Later we meet with Samart Sreinkit, a 32-year-old manager with one of Thailand's largest shrimp producers. He works at a corporate experimental farm where he's trying to develop safer, more environmentally friendly, antibiotic- and pesticide-free approaches to shrimp farming. Through Chuenpagdee, he tells me that it's hard to bring in these reforms now, because markets are uncertain and many farmers are quitting the business, leaving their ponds fallow because they can't make enough money.
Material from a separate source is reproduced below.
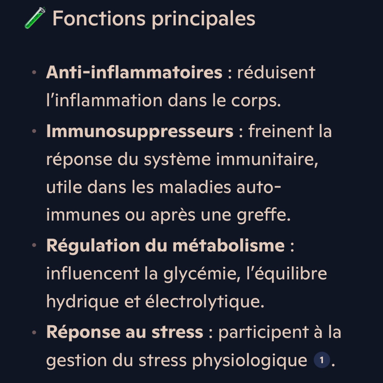 Production de corticostéroïdes.

But the market may yet force that change. "Eighty percent of the pesticide and antibiotic companies in Thailand are out of business now," says Chalor Limsuwan, Ph.D., a shrimp pathologist at Bangkok's Kasetsart University. "Why? You have to satisfy the customers, and the customers don't want residues. So farmers learn to avoid the chemicals." Thailand has been burned by contamination scandals in the past, and the government has instituted a series of "best practices"—and export permits—designed to reduce chemical contamination.

Even if Thailand is able to turn its shrimp industry around, there's a new problem lurking in the background that could stymie its efforts and further endanger consumers in the United States: Shrimp are now being imported into Thailand from Burma, Cambodia and Vietnam—countries that rate far lower than Thailand on the safety and quality scale. The shrimp are purchased at much lower prices than what the Thai farmers are usually paid. They're processed here and sent abroad, labeled as products of Thailand.

Pulling into port

This is an alarming revelation, and though I love shrimp, I leave Thailand distinctly queasy about the idea of eating the little crustaceans. But I want to see the production process through to the end. So back home in San Francisco, I find a bag of frozen Pacific whites—raised, processed and packaged in Thailand.

Pacific white shrimp have little color until they're cooked, but they're still beautiful—long, plump and frozen in a water glaze. Twenty-eight to the 1-pound bag, deheaded and deveined. They're flaccid, of course—as any frozen shrimp is, once it thaws—but still firm enough to hold together on a bamboo spit. And they are delicious barbecued. Not as good as the best Pacific Coast spot prawn I've had, but helped along by a ginger-tamari marinade and a hint of cocktail sauce. My wife and I demolish the bag.

But I find myself squeamish in a way I almost never am with other food. I think of what this shrimp might have ingested and carried around the world from those filthy ponds. It's not that every shrimp dinner emerged from a toxic mud pit. It's that I don't know which ones might have.